Got up this morning had to run to the grocery store....always an adventure. This trip was no different. Got in line to check out and of course there is only one register open. From somewhere towards the rear of the line I heard it, I knew I would I was just surprised it took as long as it did. Anyway this lady starts bitching, it's like "is this the only line open I got to go to work in a few minutes, and why don't they open another register." You know it almost makes a person want to turn and say look they run the store not us, so quit bitchin to us,we are in line and waiting just like you are. Besides I thought to myself lady if you knew when you had to work why didn't you give yourself ample time to shop. Thats it for now.

Thursday, December 26, 2002

Its been a quiet kinda laid back day. Did some straightening up and putting the house back together after yesterday. Then spent most of the afternoon looking some things up on the internet and doing a lot of reading. Was sitting here earlier watching it snow. It was the first snowfall of the season, it was kind of nice to see. Of course I could say it was nice because i knew it wasn't going to amount to much. It's quit already, and what did fall melted as soon as it hit the ground.

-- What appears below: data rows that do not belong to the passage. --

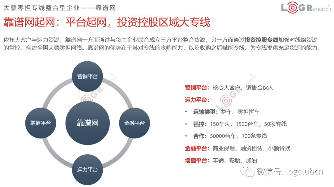 靠谱网于2013年成立,自成立之初到现在,已从模式的探索深入到了业务的实践层面。依托大客户与运力资源,靠谱网一方面通过与货主企业联合成立三方平台整合货源,另一方面通过投资控股专线加强对线路资源的掌控、构建全国大票零担网络。靠谱网的优势在于其对专线的收购能力,以及收购之后赋能专线、为专线提供充足货源的能力。
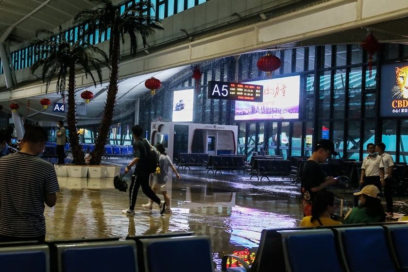 2021年5月10日,武汉遭遇暴雨,武汉站候车大厅整个屋顶出现漏水情况。目前,漏水已经得到控制。图/人民视觉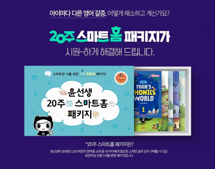 윤선생에 따르면 20주 스마트홈 패키지는 윤선생이 보유한 1200여 권의 영역별 교재 중 자녀에게 필요한 교재만 골라 학습할 수 있는 DIY 영어학습 상품이다. 기존 방문학습 프로그램이 아이 수준에 맞춰 정규 커리큘럼 순으로 학습한다면, 이 상품은 학부모 및 학생이 전문 교사와 상의해 학습 교재를 직접 선택할 수 있는 것이 차별점이다.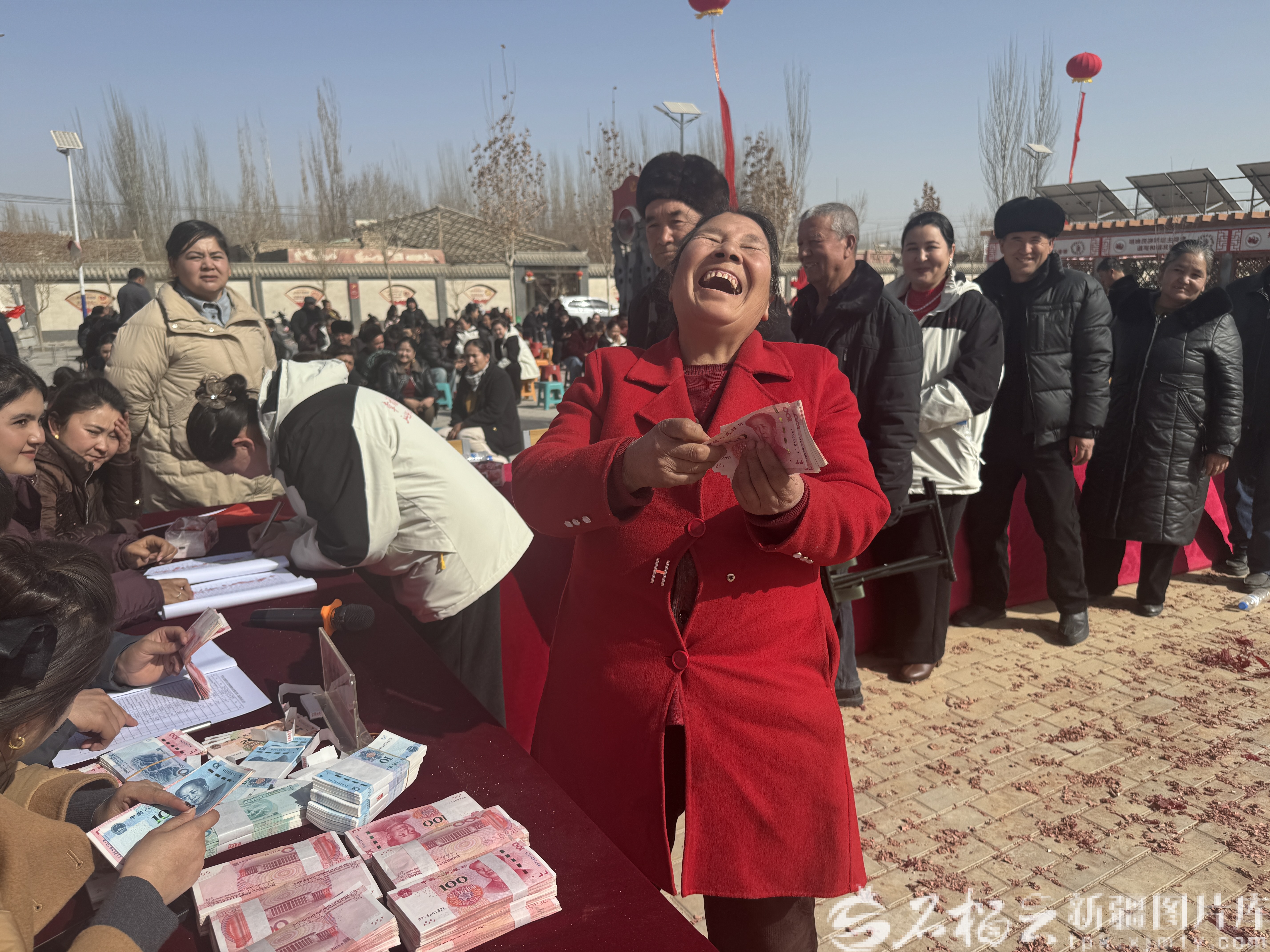 中国铁路乌鲁木齐局集团有限公司驻罕艾日克村第一书记安尼瓦尔·苏甫阿吉走到人群前,声音洪亮:“乡亲们,去年咱们村挣了钱,今天给大家分红。”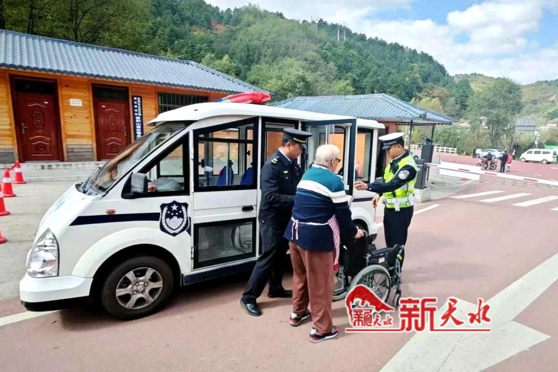 高龄游客行动不便 麦积交警暖心护送

Not sure what tonight holds in store for me, I'll just go along and do whatever pops into my mind to do. I've lost interest in TV, so more then likely whatever I do will involve sitting in front of my computer. Later

The gifts have been opened, the meal is over, the visitor's have packed up, rowdy kids and all and gone back from whence they came. So now I'm sitting here listening to this strange sound fill the air........silence, you know peace and quiet. Yes no more screaming, yelling or running around, all is back to normal...well almost. There is still the uaual clean up to do after the normal family get together. You know I've often wondered why it is you make sure your place is nice and clean before company shows up, when 10 minutes after they are there your place suddenly looks like a disaster area. I think from now on I will just leave the cleaning for after the family get together. All in all I must say the went fairly good. Didn't even reach borderline nervous wreck, like I have on some other get togethers. But still, I am glad it's over. Thats all for now. Hope your holiday turned out well.